Sylvie had never told her to pull herself together and, when they were together, Trish was transported back to the days when she used to sit in the foyer
of the building that housed the radio stations and would chat to presenters, producers, the sales teams, the chirpy, hopeful assistants, the deliverymen who needed a signature and who would frown if they were not also given a smile. She even knew several by name and one or two would linger, chat about the weather, the traffic or even politics. Trish, though, believed herself destined for bigger fish and sure enough landed a presenter. She often wondered what her life would be like now had she gone on a date with Mike. He had worn leather trousers sometimes and had a nice smile – and now Sylvie’s smile was leaving and she dreaded the interviews for her successor. Unless by some miracle Mike turned up looking for a home, but even if he did, he would not recognize her and she would not dare tell him she had once been sufficiently attractive to be the public face of a prestigious media outlet. That night, at around 2 a.m., she decided to watch, again, Misery, and she fell asleep dreaming of poor Mike, tied to what had been Sylvie’s bed, her prisoner until he stopped squirming at her mottled nose.

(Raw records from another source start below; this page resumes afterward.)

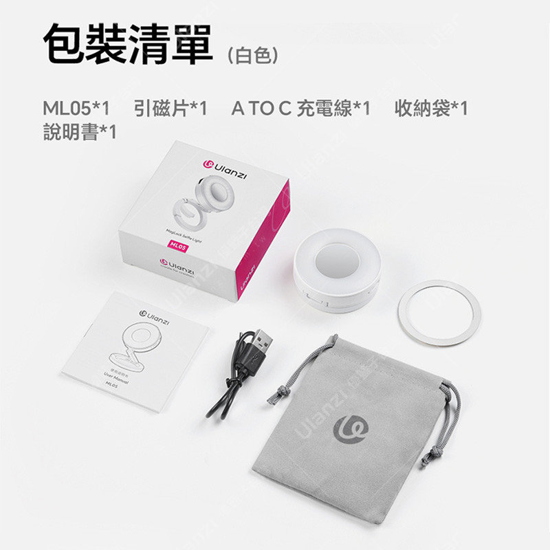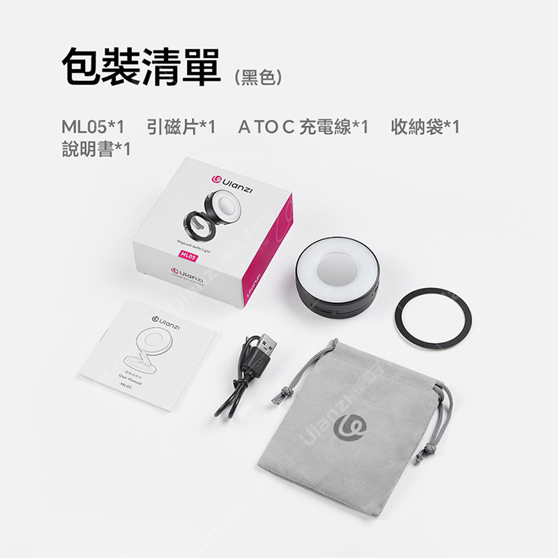 | 商品標準配備包含 | ML05*1 引磁片*1 A TO C 充電線*1 收納袋*1 說明書*1 |
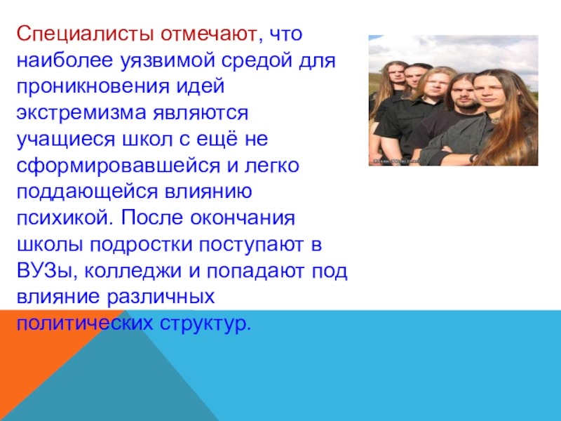 Слайд 11Специалисты отмечают, что наиболее уязвимой средой для проникновения идей экстремизма являются
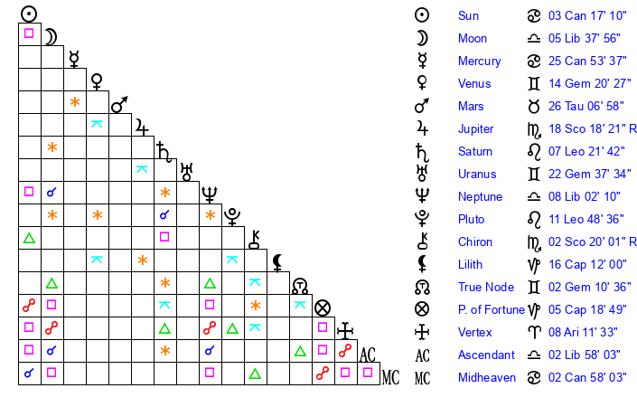 | Jupiter | 18 Scorpio 10 | 3 Cancer 37 | 22 Scorpio 12 |
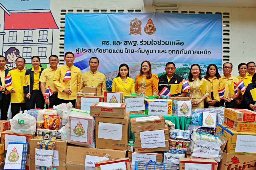 ด้านว่าที่ร้อยตรี ธนุ กล่าวว่า สำหรับผลกระทบและความเสียหายต่อหน่วยงานในสังกัด จากข้อมูลล่าสุดพบว่าเหตุการณ์ความไม่สงบชายแดนไทย-กัมพูชา มีเขตพื้นที่และสถานศึกษาได้รับผลกระทบ รวม 1,173 แห่ง แบ่งเป็น สำนักงานเขตพื้นที่การศึกษาประถมศึกษา จำนวน 11 แห่ง สำนักงานเขตพื้นที่การศึกษามัธยมศึกษา จำนวน 5 แห่ง และสถานศึกษาในสังกัด จำนวน 1,157 แห่ง ขณะที่เหตุการณ์อุทกภัย (พายุวิภา) มีเขตพื้นที่และสถานศึกษาได้รับผลกระทบ รวม 173 แห่ง แบ่งเป็น สำนักงานเขตพื้นที่การศึกษาประถมศึกษา จำนวน 15 แห่ง สำนักงานเขตพื้นที่การศึกษามัธยมศึกษา จำนวน 4 แห่ง และสถานศึกษาในสังกัด จำนวน 154 แห่ง อีกทั้งยังได้ส่งผลกระทบต่อความเป็นอยู่ของนักเรียน ผู้ปกครอง ผู้บริหารสถานศึกษา ครูและบุคลากรทางการศึกษา ข้าราชการ พนักงานราชการ และลูกจ้าง ทั้งในด้านชีวิต ความปลอดภัย และทรัพย์สิน สพฐ. จึงได้ทำการระดมทุนช่วยเหลือผู้ประสบภัยฯ เพื่อส่งต่อความช่วยเหลือในรูปแบบของสิ่งของจำเป็น อาทิ เครื่องอุปโภคบริโภค ยารักษาโรค และเวชภัณฑ์ ตลอดจนการสนับสนุนกำลังใจ เพื่อให้ความช่วยเหลือและเข้าถึงผู้ได้รับผลกระทบได้อย่างรวดเร็ว ครอบคลุม และทั่วถึง เพื่อให้เราทุกคนก้าวผ่านห้วงเวลานี้ไปด้วยกัน ด้วยพลังแห่งน้ำใจและความห่วงใยของทุกๆ คน
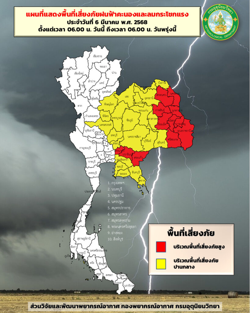 ทั้งนี้เนื่องจากบริเวณความกดอากาศสูงหรือมวลอากาศเย็นกำลังปานกลางที่ปกคลุมประเทศลาวตอนบนและประเทศเวียดนามตอนบนจะแผ่ลงมาปกคลุมภาคตะวันออกเฉียงเหนือและทะเลจีนใต้ในวันนี้ (6 มี.ค. 68) ในขณะที่ความกดอากาศต่ำเนื่องจากความร้อนปกคลุมประเทศไทยตอนบน ประกอบกับมีลมใต้และลมตะวันออกเฉียงใต้พัดปกคลุมบริเวณดังกล่าว

The night before Sylvie moved in to Cotton Lane, Ryan paced the living room in front of an amused Paul.
‘What if she’s still wandering around the bloody Underground when she’s forty? This could be a nightmare.’
‘You’ll sort it together, mate, I’m sure of it.’
Paul was, in any case, relieved. He had started to look for his own flat. It was time he bought somewhere, took root, accepted he liked London and London liked him. He had been invited to a screen test for a programme provisionally called The Human Code. He had gained the impression there was only one person being auditioned. Without him there would be no Human Code. The word ‘vehicle’ had been mentioned so often he pictured himself in a van with a megaphone roaming Britain educating anyone within earshot about their DNA and asking for any twins in the neighbourhood to come forward, that triplets would be given free cupcakes and matching T-shirts.
‘Also, Paul, mate, she doesn’t know that you know. Do you think I should tell her you do know?’
Paul remembered the not-quite-spirals Sylvie had made on his Tube map that glowed in the Spanish sun.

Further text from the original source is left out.